Ardi, D., Kurnia, U. Kurnia, dan U. Sutrisno. 2007. Identifikasi dan Evaluasi Potensi Lahan Untuk Mendukung Prima Tani di Desa Aneuk Glee, Kecamatan Indrapuri, Kabupaten Aceh Besar, Provinsi NAD. Balai Penelitian Tanah. Balai Besar Penelitian dan Pengembangan Sumberdaya Lahan Pertanian. Departemen Pertanian.

Balai Penelitian Tanah. 2007. Sistem Pengelolaan Lahan Sesuai Harkat (SPLaSH) versi 1.02. Badan Penelitian dan Pengembangan Pertanian.

Departemen Pertanian. 2006. Peraturan Menteri Pertanian RI Nomor: 47/Permentan/OT.140/10/2006 tentang Pedoman Umum Budidaya Pertanian Pada Lahan Pegunungan. Badan Penelitian dan Pengembangan Pertanian. Balai Besar Penelitian dan Pengembangan Sumberdaya Lahan Pertanian. Prawiradiputra, B.R., Sajimin, N.D. Purwantari, I. Herdiawan. 2006.

Hijauan Pakan di Indonesia. Badan Penelitian dan Pengembangan Pertanian. Departemen Pertanian.

Lampiran 1. Rorak dan Mulsa Vertikal (Sumber: Departemen Pertanian, 2006)

Rorak merupakan lubang penampungan atau peresapan air, dibuat di bidang olah atau saluran resapan (Gambar 3). Pembuatan rorak bertujuan untuk memperbesar peresapan air ke dalam tanah dan menampung tanah yang tererosi. Pada lahan kering beriklim kering, rorak berfungsi sebagai tempat pemanen air hujan dan aliran permukaan.

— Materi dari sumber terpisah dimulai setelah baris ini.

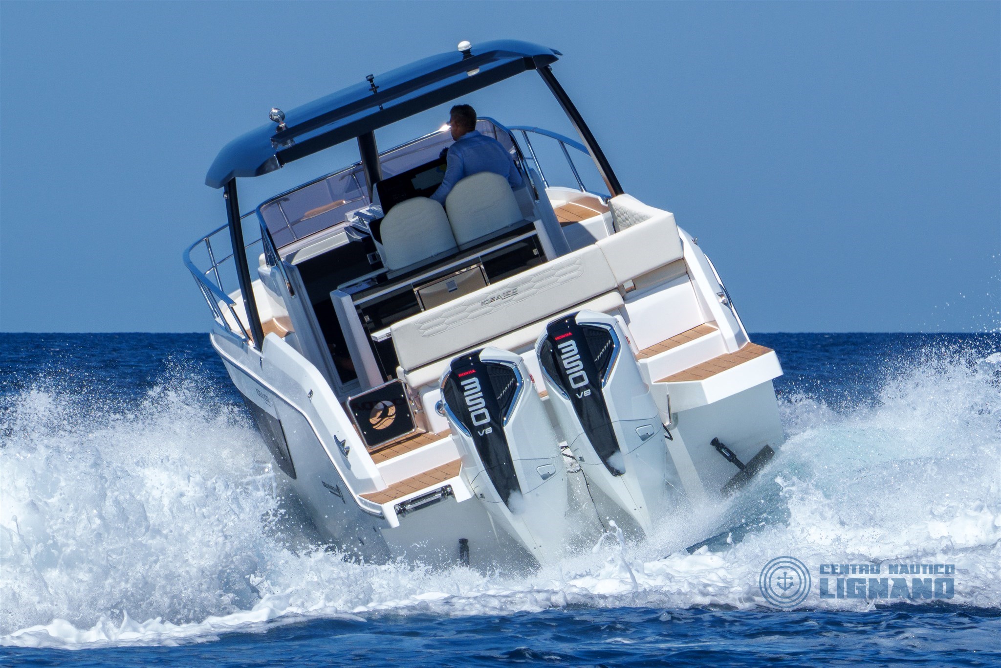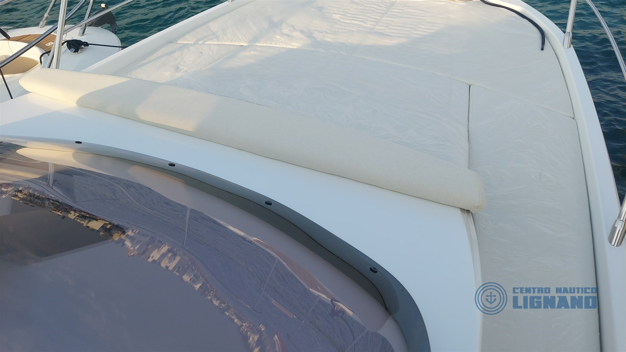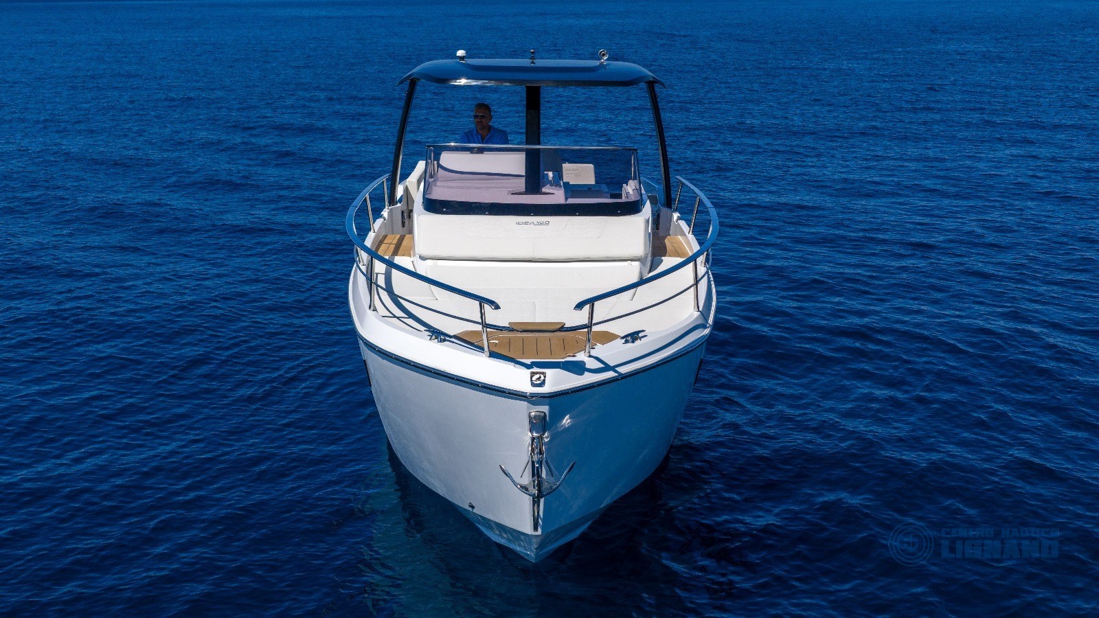 Cuscineria esterna grigia Nimbus Cloud, Carena e coperta colore bianco White, Illuminazione led per navigazione e fonda, Cuscineria interna tinte standard (Copriletto e divani tessuto art. 5450), Pavimenti interni Abet 1679 ciliegio tenue, Cuscini arredo 40 x 40 Art. 5435, Pareti laminato RAL 7030 opaco, Cielini e fianchi tessuto Art. 5430, Luci in cabina di prua e cabina di poppa, Mobile esterno con wetbar e lavello, Bagno separato con luce e mobile con lavello, Box doccia con pannelli di separazione, Impianto pompe di sentina automatiche a prua e a poppa, Mobile in legno in cabina con piano antigraffio e contenitori, Armadio in cabina di poppa, Quadro elettrico in cabina, Pannello utenze con impianto elettrico, Tavolo esterno di poppa con gambe telescopiche, 6 oblò apribili nelle cabine e bagno, Doccia esterna, WC elettrico marino con impianto serbatoio acque nere, Impianto doccia in bagno, Cabina di poppa separata con porta, Bussola incasso retroilluminata, Scaletta a mare in acciaio inox.

Gambar 3. Rorak (Foto: Pedum Pegunungan)

Dimensi rorak yang disarankan. sangat bervariasi, misalnya kedalaman 60 cm, lebar 50 cm, dan panjang berkisar antara 50-200 cm. Panjang rorak dibuat sejajar kontur atau memotong lereng. Jarak ke samping antara satu rorak dengan rorak lainnya berkisar 100-150 cm, sedangkan jarak horizontal 20 m pada lereng yang landai dan agak miring sampai 10 m pada lereng yang lebih curam. Dimensi rorak yang akan dipilih disesuaikan dengan kapasitas air atau sedimen dan bahan-bahan terangkut lainnya yang akan ditampung.

Mulsa dapat dimasukkan ke dalam rorak (mulsa vertikal)

Sesudah periode waktu tertentu, rorak akan terisi oleh tanah atau serasah tanaman. Agar rorak dapat berfungsi secara terus-menerus, bahan-bahan yang masuk ke rorak perlu diangkat keluar atau dibuat rorak yang baru. Aplikasi rorak dapat pula dikombinasikan dengan mulsa vertikal, yang mana bahan mulsa dimasukkan ke dalam rorak.

Lampiran 2. Teras kebun (Balai Penelitian Tanah, 2007)

Teras kebun adalah teras yang digunakan untuk penanaman tanaman tahunan yang ditanam dalam barisan. Teras dibuat dengan interval yang bervariasi menurut jarak tanam (Gambar 4). Selain untuk pencegahan erosi, teras kebun juga dapat memfasilitasi pengelolaan lahan (land management facility), diantaranya untuk fasilitas jalan kebun, dan penghematan tenaga kerja dalam pemeliharaan kebun.

Gambar 4. Teras kebun (kiri), penampang teras kebun (kanan) (Foto dan sketsa: Balai Penelitian Tanah, 2007)

a. Persyaratan

Digunakan pada lahan dengan kemiringan 10 - 60%.

Dapat digunakan pada berbagai kedalaman tanah, yang lebih dalam dari 25 cm.

Perlu ditanami rumput atau legum penutup tanah di antara teras.

Perlu saluran pembuangan air yang aman (berumput).

Tanaman tahunan

b. Pembuatan dan pemeliharaan

Untuk mendapatkan populasi tanaman yang maksimum, jarak antar teras dibuat lebih pendek. Dimensi teras kebun yang digunakan perlu disesuaikan pula dengan perkiraan jumlah air yang akan ditampung (besarnya run-off).